The lawyer’s role: strategy, rigorous argumentation, thorough preparation, and perseverance.

The case required an in-depth understanding of a complex and evolving legal framework that had undergone substantial changes over three decades.

Through solid legal reasoning and persistence, our team succeeded in restoring our client’s rights, effectively leveraging existing documentation and securing the court’s recognition of his legitimate interests.

Final judgment: a win for equity and for our client.

“By final civil decision, the Bucharest Court of Appeal ordered the first respondent to issue title for the 240 square metres already reinstated in possession and instructed the second respondent to issue a decision proposing compensatory measures for the remaining 135 square metres.”

The court confirmed our arguments, holding that the failure to complete the restitution procedure and issue the title deed resulted from the fault of the public authorities—conclusions explicitly recorded in the final judgment.

Why this case matters
The case clearly demonstrates that determination and legal expertise are vital when citizens’ rights are infringed or delayed by institutional inertia.

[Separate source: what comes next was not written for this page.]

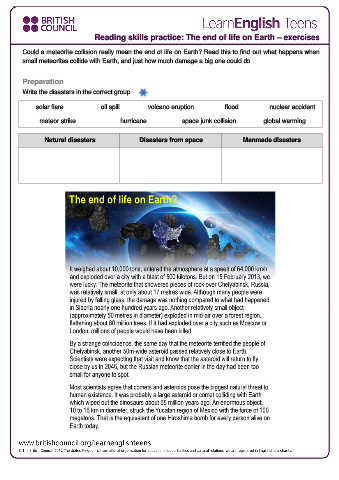 Reading skills practice: The end of life on Earth – exercises
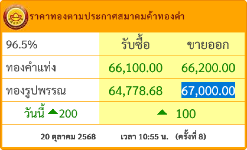 ราคาทองคำประจำวันที่ 20 ต.ค.2568 ปรับเพิ่มขึ้น 100 บาท เปรียบเทียบกับราคาสุดท้ายของเมื่อวานนี้ โดยทองรูปพรรณขายออกบาทละ 67,000.00 บาท ตามข้อมูลล่าสุดจากเว็บไซต์ของ สมาคมค้าทองคำ เมื่อเวลา เวลา 10:55 น.(ครั้งที่ 8)

It further confirms our ability to handle long-term, highly technical disputes and turn seemingly impossible situations into favourable outcomes—even in complex factual and legal contexts.

Case Study 3

The Domino Effect of a Declaration of Intent

We successfully represented a leading insurance company in a dispute where a road accident victim sought non-pecuniary damages for injuries sustained.

The accident had resulted in serious bodily harm and permanent disability (spleen removal). However, during criminal proceedings, the injured party had executed a notarised declaration expressly waiving any pecuniary claims against the at-fault driver, in exchange for a financial settlement that was never paid.

Subsequently, the same individual brought a civil claim against the insurer under the third-party liability policy, seeking the very same compensation.

Our defence focused on three key arguments:

  1. Waiver of the substantive right – By means of the notarised act, the claimant waived not only the procedural right to pursue a civil claim but the very substance of the right to damages. Without a legally protected right, no valid cause of action can exist.
  2. Interdependence between tortious liability and the insurer’s contractual obligation – The insurer’s liability is contractual in nature, arising from the insurance policy. However, it is not autonomous: it presupposes the insured’s underlying tortious liability. Articles 2223 and 2224 of the Civil Code are clear—the insurer pays only in place of and on behalf of the liable party. Therefore, once the victim has expressly and irrevocably renounced the right to seek damages from the tortfeasor, the legal basis for activating the insurer’s contractual liability disappears.
  3. The principle of single recovery – To allow recovery from both the tortfeasor and the insurer would imply double compensation for the same loss. Fundamental principles of civil liability require proportionality and balance, ensuring that compensation restores the injured party without unjustly penalising the defendant.

The court upheld our reasoning and dismissed the claim, holding that the notarised waiver produced effects erga omnes, preventing any subsequent claims against the insurer. The decision was affirmed on appeal.

This case highlights the importance of a rigorous interpretation of expressed intent and a systemic understanding of the nexus between contractual insurance obligations and tortious liability. Through coherent and well-founded argumentation, we transformed a potentially high-stakes dispute into the natural conclusion: the dismissal of an unfounded claim.

Such disputes are particularly challenging, given the judicial tendency to favour accident victims even in cases involving procedural or substantive irregularities. Against this backdrop, the dismissal we obtained stands out for its clarity and the strength of its legal reasoning.

Indeed, the nature of the relationship between a third-party liability insurer and the injured third party remains debated: Is it a contractual duty, or a matter of tort liability? The answer shapes the architecture of the legal relationship and its practical consequences.